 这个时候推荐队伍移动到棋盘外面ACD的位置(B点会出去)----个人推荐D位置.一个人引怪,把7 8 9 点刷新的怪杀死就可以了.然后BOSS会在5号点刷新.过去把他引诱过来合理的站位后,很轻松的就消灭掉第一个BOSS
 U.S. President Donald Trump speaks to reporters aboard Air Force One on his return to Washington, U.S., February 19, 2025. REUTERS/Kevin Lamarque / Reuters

────────────────

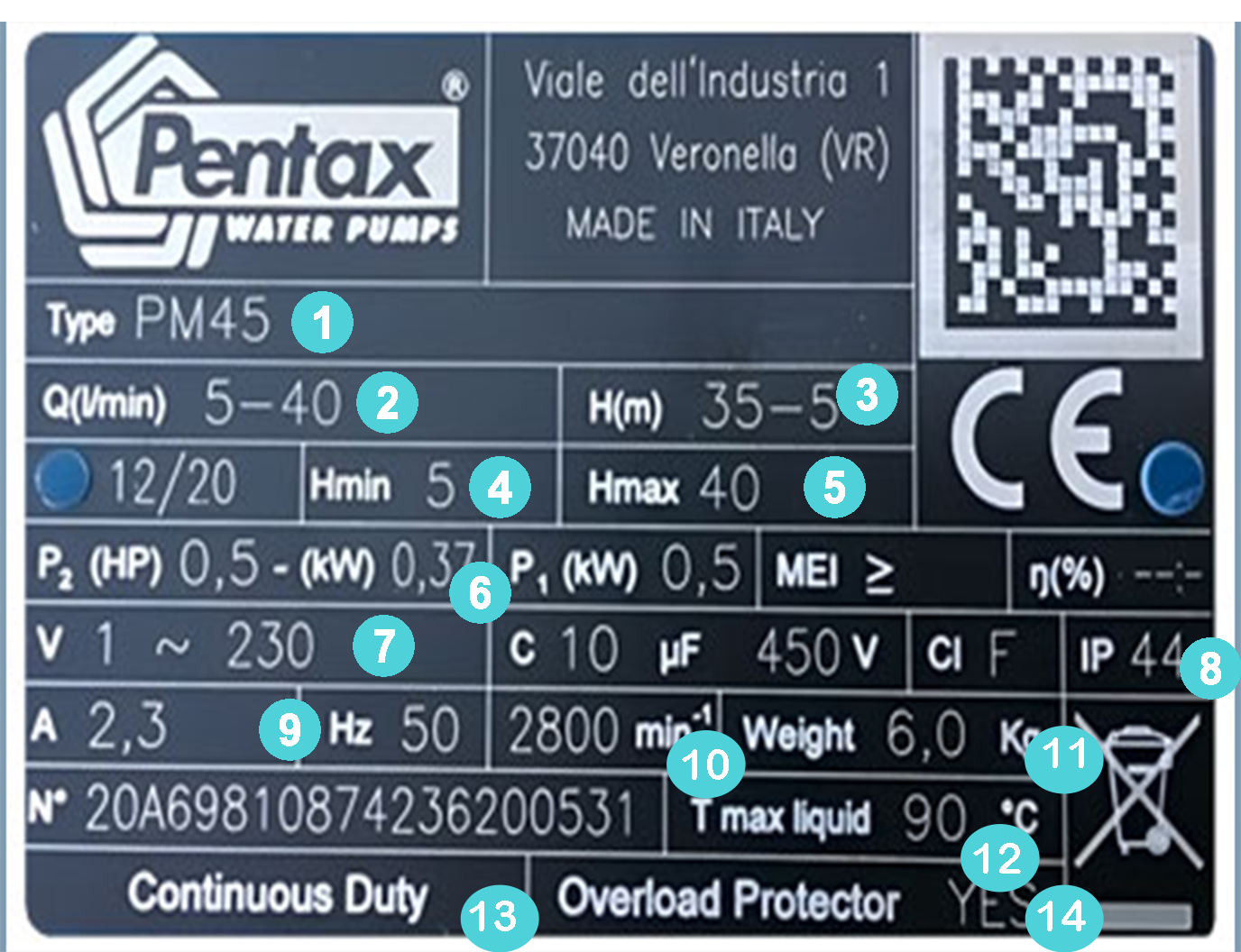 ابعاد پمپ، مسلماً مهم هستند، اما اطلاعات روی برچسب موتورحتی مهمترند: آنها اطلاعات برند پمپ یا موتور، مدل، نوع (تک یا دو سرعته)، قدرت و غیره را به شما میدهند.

────────────────

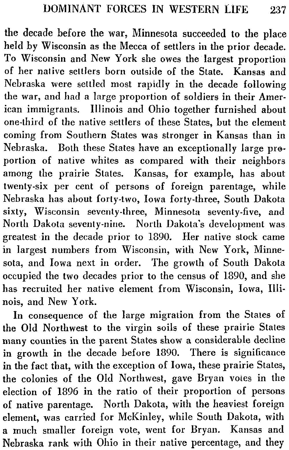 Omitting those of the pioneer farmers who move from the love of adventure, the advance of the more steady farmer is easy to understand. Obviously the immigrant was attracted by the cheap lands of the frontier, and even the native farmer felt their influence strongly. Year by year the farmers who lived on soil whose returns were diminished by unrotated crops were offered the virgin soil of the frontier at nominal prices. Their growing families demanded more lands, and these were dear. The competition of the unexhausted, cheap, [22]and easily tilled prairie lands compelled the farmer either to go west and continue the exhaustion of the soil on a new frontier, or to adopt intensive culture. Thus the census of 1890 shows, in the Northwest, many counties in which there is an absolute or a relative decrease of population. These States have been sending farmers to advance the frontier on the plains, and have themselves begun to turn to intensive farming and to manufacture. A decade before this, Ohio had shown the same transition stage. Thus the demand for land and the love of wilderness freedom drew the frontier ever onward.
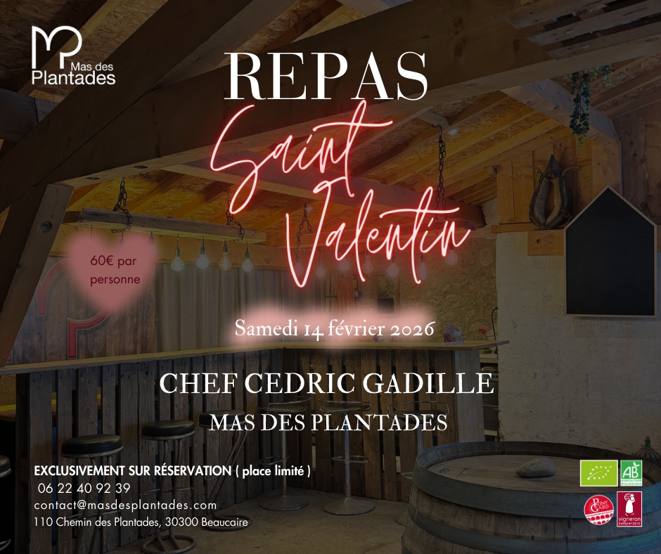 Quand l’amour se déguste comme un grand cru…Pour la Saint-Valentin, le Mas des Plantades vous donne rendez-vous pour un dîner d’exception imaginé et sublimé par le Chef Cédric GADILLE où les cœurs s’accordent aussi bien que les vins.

────────────────

In the listing above, find the line with "这个时候推荐队伍移动到棋盘外面ACD的位置(B点会出去)----个人推荐D位置.一个人引怪,把7 8 9" and the line with "U.S. President Donald", then print exactly those two lines and every line between them, and nothing more.

 这个时候推荐队伍移动到棋盘外面ACD的位置(B点会出去)----个人推荐D位置.一个人引怪,把7 8 9 点刷新的怪杀死就可以了.然后BOSS会在5号点刷新.过去把他引诱过来合理的站位后,很轻松的就消灭掉第一个BOSS
 U.S. President Donald Trump speaks to reporters aboard Air Force One on his return to Washington, U.S., February 19, 2025. REUTERS/Kevin Lamarque / Reuters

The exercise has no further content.